# Engine will not start



## yshua (Nov 8, 2011)

Greetings to all and thank you in advance for your help.
We have a Broadmoor 16 have had since 2003. Recently moved to TX -- closest dealer is 100+ miles away. Took to local lawn mower shop and started having problems after that. Present problem -- engine turns over but won't start. 
Changed spark plugs, changed the fuel filter. Seems as if not getting gas. The fuel filter is in-line fuel filter which was purchased at Sears. Wonder if this is the right filter. 
When turning engine over you don't see fuel flowing through filter. Am I overlooking the fuel pump? Went on line to the Simplicity web site, their manuals do not show fuel system.

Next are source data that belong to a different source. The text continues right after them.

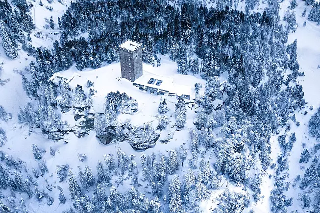 La Torre del Belvedere è il simbolo del Passo della Maloja: qui in estate vengono allestite mostre ed esposizioni, ma anche in inverno merita di essere raggiunta attraverso la neve per i panorami mozzafiato che offre. La Torre si trova infatti su un fotogenico sperone roccioso dell’altopiano dell’Engadina che si affaccia sulla Valle Bregaglia offrendo alcuni degli scorci più belli dell’intera valle.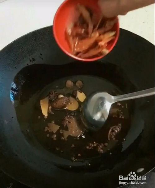 干辣椒,葱姜,下火锅底料,炒香,再放入生抽,白糖,鸡精,再放入老汤。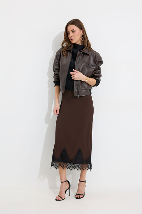 Юбка прямого силуэта из струящейся ткани. По верху юбки притачной пояс с резинкой по задней половинке пояса от бокового шва до вытачки. В центральном шве потайная молния, по низу разрез. По низу юбки декоративная тесьма( кружево).  Обращаем ваше внимание, что фурнитура может отличаться от фото.

Thank you again for your help.


----------



## dsterl (Jul 31, 2011)

The filters not it! Pull the line after the pump see if your getting fuel. Also check the vent hole in the fuel cap, mine got plugged and gas stopped flowing but that was on a gravity feed.


----------



## yshua (Nov 8, 2011)

Thank you very much for your response. Checking the gas cap now. I don't have a fuel diagram so I not sure where the fuel pump is located. Cap seems to be fine. Thanks again for further updates.


----------



## dsterl (Jul 31, 2011)

just follow the fuel line, it looks like a 2 1/2 inch black disc mounted to the side of the engine. Take the air cleaner off, pour a couple ounces of gas into the engine see if it will run then you know your not getting any fuel. It will run for a few seconds and die.


----------